__Problem to solve__:
Beginning with the line that contains "Line drawing of" and ending with the line that contains "棉+麻 薄款 精緻蕾絲拼接美領 立體面料 手繡有釦 排釦穿脫", reproduce the lines of the entries below exactly, omitting pictures.

__Provided records__:
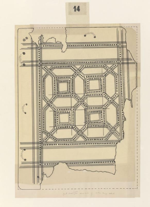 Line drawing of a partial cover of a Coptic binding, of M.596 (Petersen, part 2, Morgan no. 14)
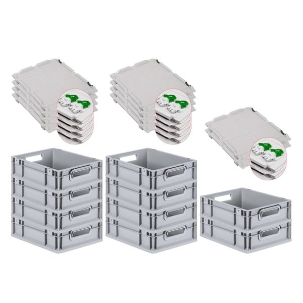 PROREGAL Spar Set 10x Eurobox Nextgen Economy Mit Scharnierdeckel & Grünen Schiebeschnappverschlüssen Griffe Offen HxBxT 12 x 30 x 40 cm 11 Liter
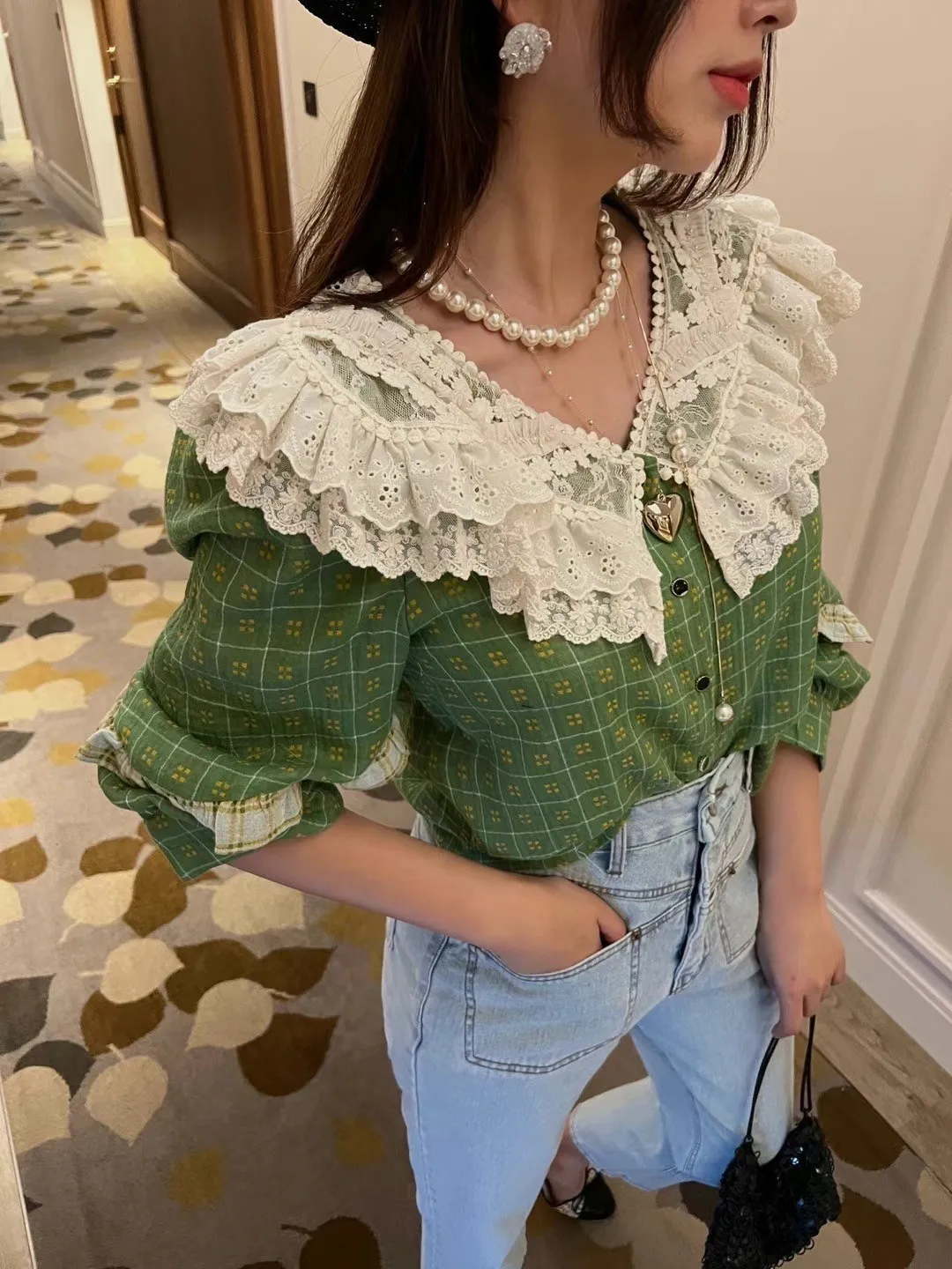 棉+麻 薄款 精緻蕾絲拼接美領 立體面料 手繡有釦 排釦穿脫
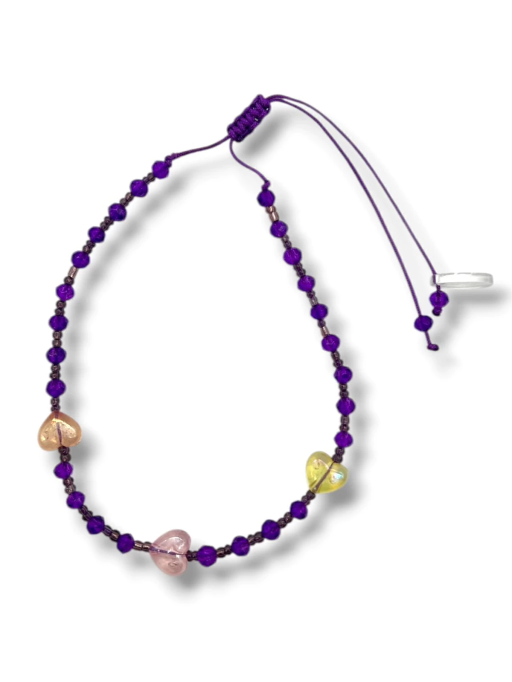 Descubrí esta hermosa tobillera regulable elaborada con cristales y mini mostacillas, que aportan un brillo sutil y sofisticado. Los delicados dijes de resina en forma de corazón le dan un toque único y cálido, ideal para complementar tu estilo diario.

...

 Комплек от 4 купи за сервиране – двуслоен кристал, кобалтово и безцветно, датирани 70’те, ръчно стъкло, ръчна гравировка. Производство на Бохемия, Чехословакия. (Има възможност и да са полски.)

* * *

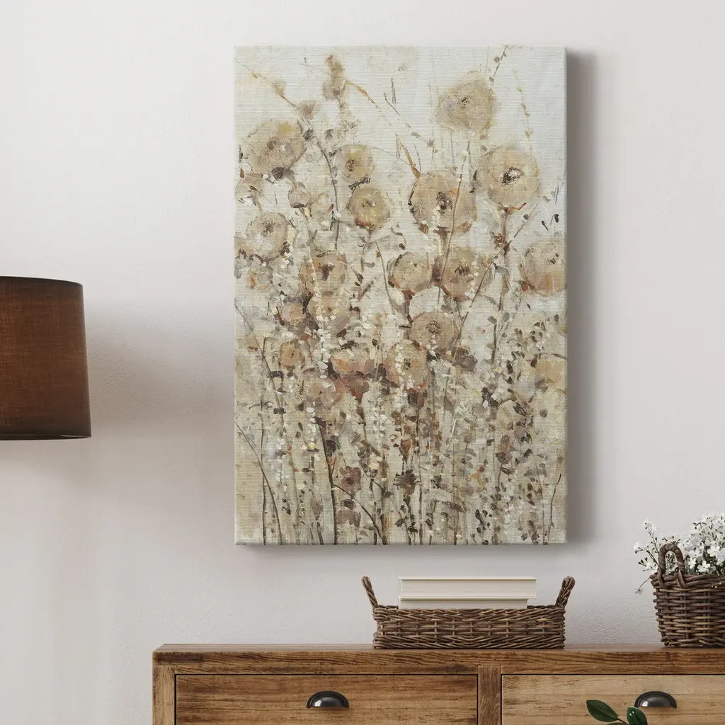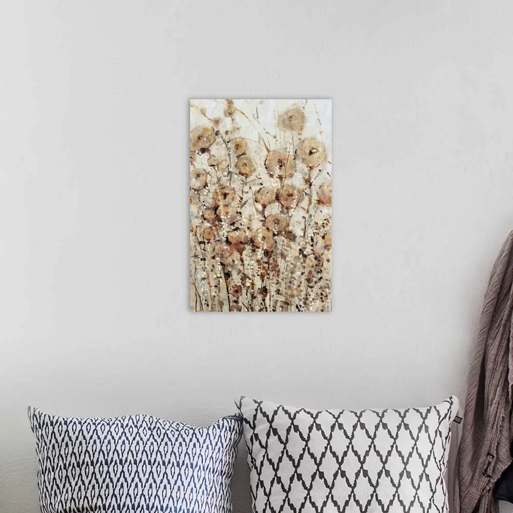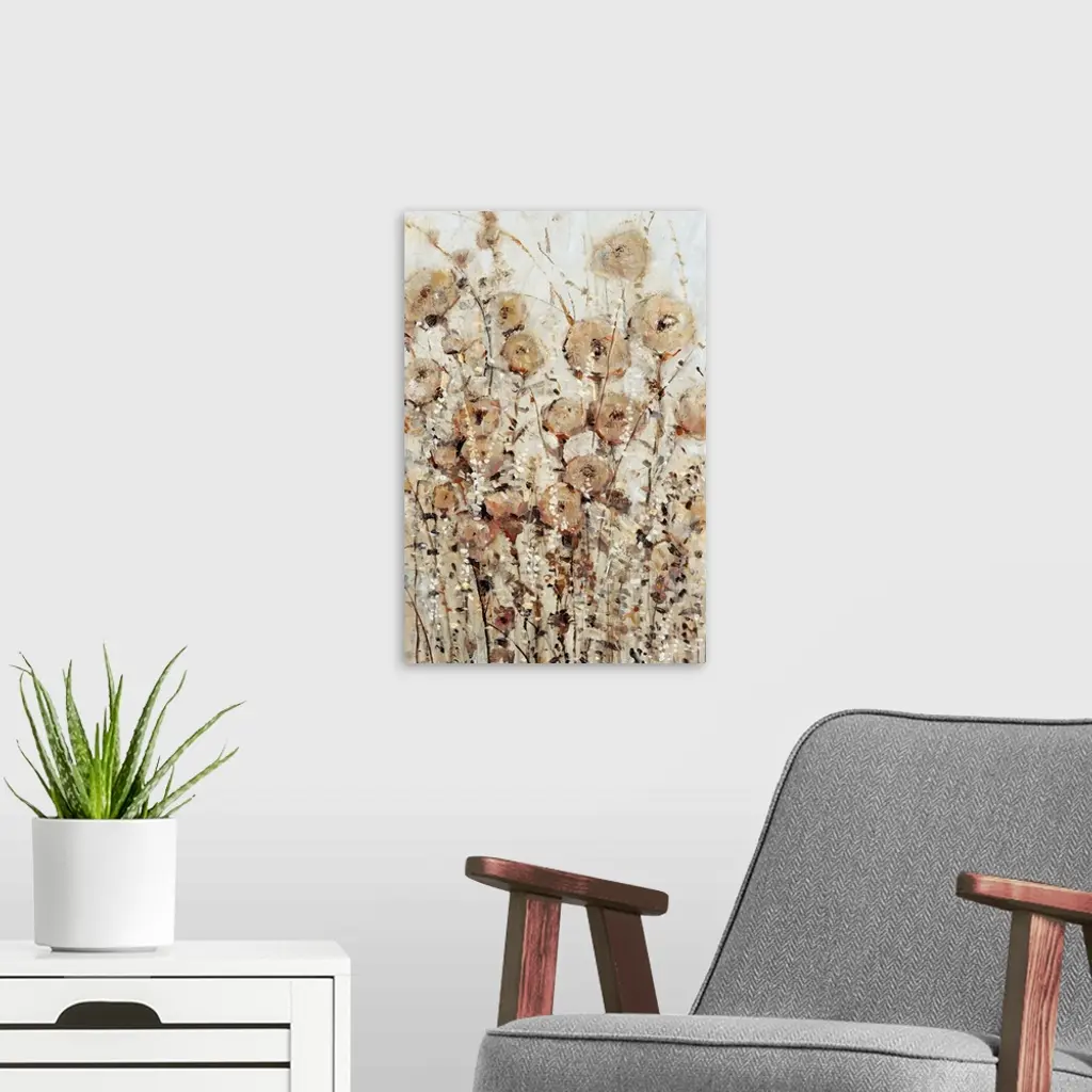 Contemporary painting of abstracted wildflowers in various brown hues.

__Output below__:
 Line drawing of a partial cover of a Coptic binding, of M.596 (Petersen, part 2, Morgan no. 14)
 PROREGAL Spar Set 10x Eurobox Nextgen Economy Mit Scharnierdeckel & Grünen Schiebeschnappverschlüssen Griffe Offen HxBxT 12 x 30 x 40 cm 11 Liter
 棉+麻 薄款 精緻蕾絲拼接美領 立體面料 手繡有釦 排釦穿脫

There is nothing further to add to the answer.